Virgin Galactic space shot is go 'within weeks, not months'

This article is more than 5 years old

Richard Branson commits to SpaceShipTwo VSS Unity flight beyond Earth’s atmosphere

Virgin Galactic will take its first trip into space within weeks according to Richard Branson, the firm’s billionaire chief and founder.

The feat would mark a milestone for the company which is in a race against Jeff Bezos’ Blue Origin and Elon Musk’s SpaceX to offer space flights to wealthy would-be astronauts.

In an interview with CNBC, Branson said his company was “more than tantalisingly close” to its first landmark flight beyond Earth’s atmosphere, stating: “we should be in space within weeks, not months.”

The entrepreneur added that he hoped to be onboard an early Virgin Galactic flight “in months not years”, with passengers willing to part with $250,000 (£192,000) taking their seats “not too long after that.”

Branson, who founded Virgin Galactic in 2004, originally promised suborbital flights – those that reach space without orbiting the planet – by 2009. But the firm’s plans have been delayed by numerous setbacks and the loss of the company’s previous space plane in a 2014 accident that killed co-pilot Michael Alsbury.

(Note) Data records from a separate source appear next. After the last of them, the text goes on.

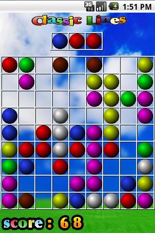 In this puzzle game you need to build a color lines (5 or more balls with same color). You can move one ball from one cell to another, by clicking on ball and on target cell. If line assembled, then it will be removed and score will be increased. You can move one ball in cycle. Use menu button for additional actions.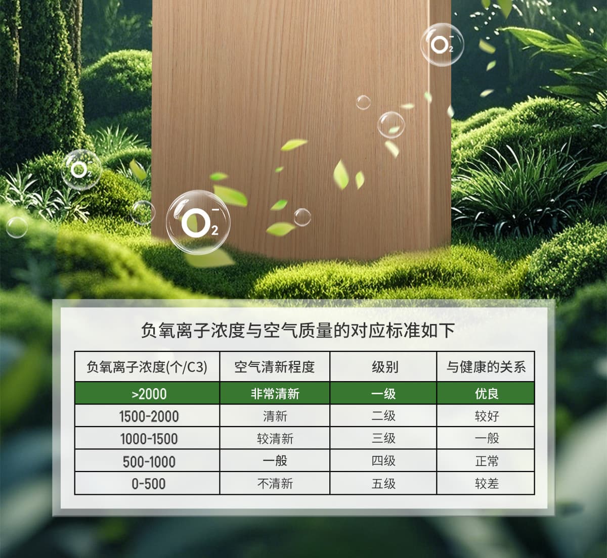 誘發(fā)空氣負離子量 比基礎(chǔ)環(huán)境提高10倍+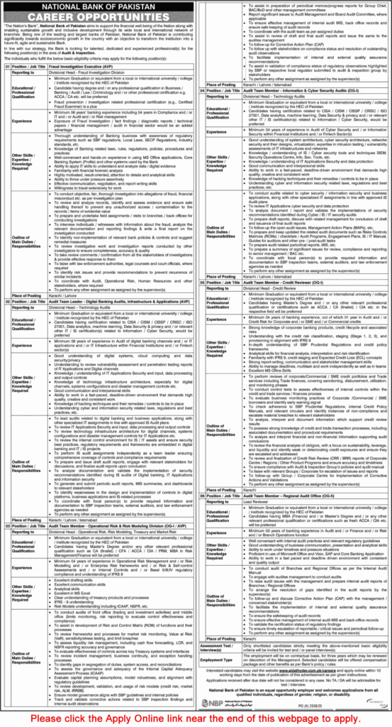 Recent / Current / Fresh / New / Latest National Bank of Pakistan NBP Jobs 2026 Apply Online Audit Group Advertisement in Daily Newspaper on Sunday 25-January-2026 ACCA / CA / CISA / CISM / MBA / Master’s Fraud Investigation Executive , Audit Team Leader , Credit Reviewer Banking Jobs in NBP 2026 Pakistan www.sidathyder.com.pk/careers Apply Online Finance , Banking , Audit , Risk Management , Cyber Security Bachelor’s in Business Administration , Master of Business Administration AVP , OG-I , OG-II , Assistant Vice President Sidat Hyder Morshed Associates NBP Careers Karachi / Lahore / Islamabad Public Sector Bank Jobs 2026

Test pilots have been putting the SpaceShipTwo craft, VSS Unity, through its paces high above the Mojave desert in California. In the most recent test in July, the space plane was released from its jet-powered carrier aircraft, VMS Eve, at 46,500 feet before the Unity’s pilots lit its rocket. The 42-second burn blasted it to 171,000 feet, nearly five times the cruising altitude of a transatlantic passenger plane. Its top speed was logged at Mach 2.47.

To reach space, the pilots must take the Unity higher still. The upper atmosphere is generally regarded to give way to space at an altitude of 62 miles (100km), nearly twice the altitude achieved in the July test flight.

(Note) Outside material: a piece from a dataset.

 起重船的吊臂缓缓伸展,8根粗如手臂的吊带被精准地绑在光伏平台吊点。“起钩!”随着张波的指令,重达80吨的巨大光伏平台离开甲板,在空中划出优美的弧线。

Branson has had astronaut, fitness and centrifuge training to prepare himself for his trip into space. Asked in the interview whether he was confident enough people would pay for tickets, he told CNBC: “If I have a room full of 10 people, eight out of 10 would love to go to space if they could afford it.”

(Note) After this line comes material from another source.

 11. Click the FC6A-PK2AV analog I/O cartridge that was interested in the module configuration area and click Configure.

Virgin Galactic’s SpaceShipTwo on its first test flight in October 2010 to prove the glide-and-land design. The rocket motor is covered by a cowl at the rear of the aircraft body. Photograph: KeystoneUSA-Zuma/Rex Features

“I think the market for people who would love to become astronauts and go to space is gigantic. And it is up to us to produce as many spaceships as we can to cater to that demand,” he added. The ticket price could ultimately fall to $50,000, he said.

Virgin Galactic is not the only firm that hopes to make a business out of space tourism. In April, Bob Smith, the head of Jeff Bezos’s Blue Origins space company, told CNBC the firm still hoped to send tourists to the edge of space by the end of the year. Meanwhile Elon Musk of SpaceX has announced plans to send a passenger around the moon in 2023.

SpaceShipTwo was designed to carry six passengers to the edge of space at an altitude of at least 50 miles. After a minute-long rocket burn, the rocket plane would continue its upward trajectory and then fall back to Earth, giving passengers time to float freely for a brief spell, and see the curvature of the Earth. Commercial flights will take off from a spaceport in New Mexico. In July, the UK Space Agency announced a £2.5m grant for the construction of a spaceport on the northern coast of Scotland after it was judged to be a prime site from which to lob satellites into orbit.